I’m looking for the general recipe to update only the data of plots inside a Panel app.
Background
I have read from Panel: Add reactivity to components that it is possible to create reactive functions which return data and then to just update the data inside a plot:
This approach is preferred over rendering reactive functions directly because it is more efficient and updates only the specific Parameters that are being changed.
I have also read from Panel: HoloViews widgets [emphasize mine]:
HoloViews natively renders plots with widgets if a HoloMap or DynamicMap declares any key dimensions. Unlike Panel’s
interact
functionality, this approach efficiently updates just the data inside a plot instead of replacing it entirely.
In summary, there are ways to update the rendered plots by just updating the underlying data.
MWE
I will be using Dask dataframes, but in the MWE below it will be a pandas dataframe. The general structure of the app will be:
- Have widgets which filter the data. Here, only
select_highlow
(pn.widgets.Select) - Have calculation functions. Here, only
calculate(df, highlow)
which takes a dataframe + numerical/string values and returns a new, much smaller dataframe.

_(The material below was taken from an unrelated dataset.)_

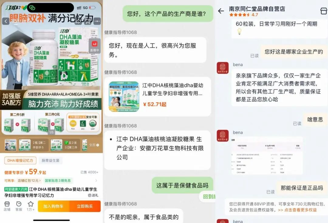 以“DHA藻油凝胶糖果”为例,该产品在电商平台上赟德大药房旗舰店、阿里健康大药房、华夏安康大药房旗舰店、南京同仁堂品牌自营店等有售,商标名为“江中”,售价在50元左右。在阿里健康大药房,江中DHA藻油凝胶糖果销售超四千件,还入选了淘宝DHA自营热销榜,排名第15。
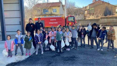 Konya Hüyük'te tüm 1. sınıf öğrencilerine İlçe Milli Eğitim, Konya İl Milli Eğitim ve Konya Büyükşehir Belediyesi iş birliğiyle "İtfaiye ve Yangın Güvenliği Eğitimi" verildi.

The calculation functions need to be tested with unit tests. - Have graphs which show the filtered (small) data.
Example MWE code:
import pandas as pd
import panel as pn
import hvplot.pandas
pn.extension()
df_pandas = pd.DataFrame(
dict(
data=[1, 2, 3, 4, 1, 2, 3, 4],
ref=[1, 1, 1, 1, 10, 10, 10, 10],
category=["A", "A", "A", "A", "B", "B", "B", "B"],
highlow=["high", "high", "low", "low", "high", "high", "low", "low"],
),
)
def calculate(df, highlow):
mask = df["highlow"] == highlow
df_filtered = df[mask].copy()
df_filtered["err"] = abs(df_filtered["data"] - df_filtered["ref"])
return df_filtered.groupby("category")["err"].agg("mean")

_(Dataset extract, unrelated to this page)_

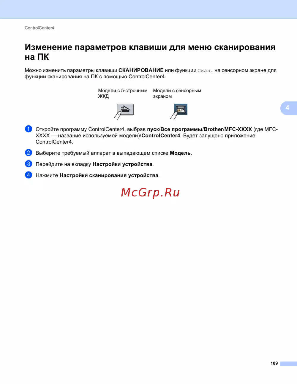 a Откройте программу ControlCenter4, выбрав пуск/Все программы/Brother/MFC-XXXX (где MFC-

def get_plot(df, highlow):
df_filtered = calculate(df, highlow)
return df_filtered.hvplot.bar(x="category", y="err")
select_highlow = pn.widgets.Select(name="High or low?", options=["high", "low"])

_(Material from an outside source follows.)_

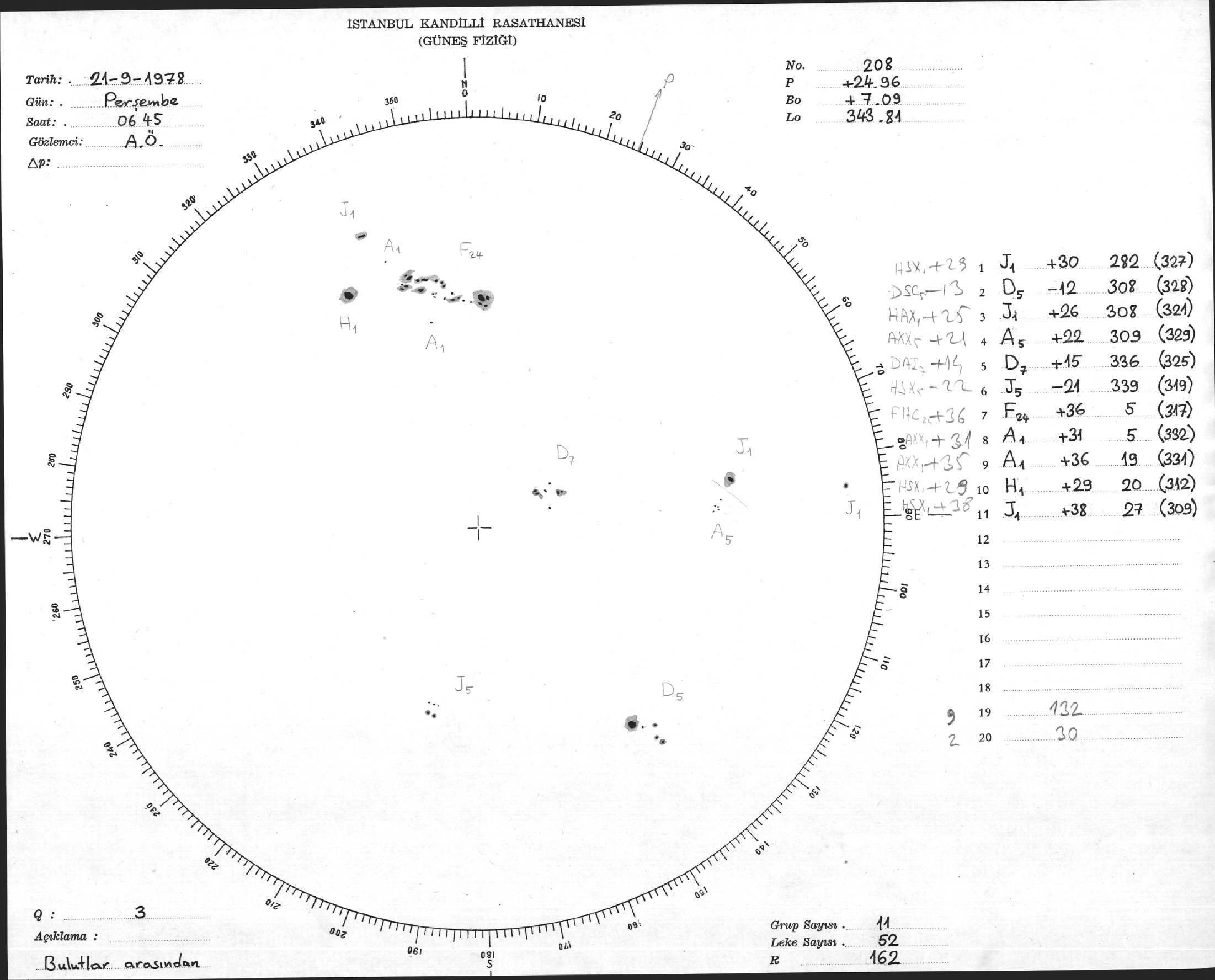 Güneş Lekesi Çizimi - 21.09.1978

ibar = pn.bind(get_plot, df=df_pandas, highlow=select_highlow)
bar = pn.panel(ibar)
select_highlow.servable()
bar.servable()
This creates a working app. But isn’t this one rendering a reactive function (get_plot
) directly, because the bound function get_plot
returns something that is to be rendered; a hvplot.bar?
Question
How to edit this one so that it would only update the data? And how to do that in general*?
* in general case where (1) The original data is a large dataframe (only used as data source) (2) The data shown in graphs is using a smaller dataframe, which is always created from the original large dataframe, filtered based on widget values and aggregated thereafter.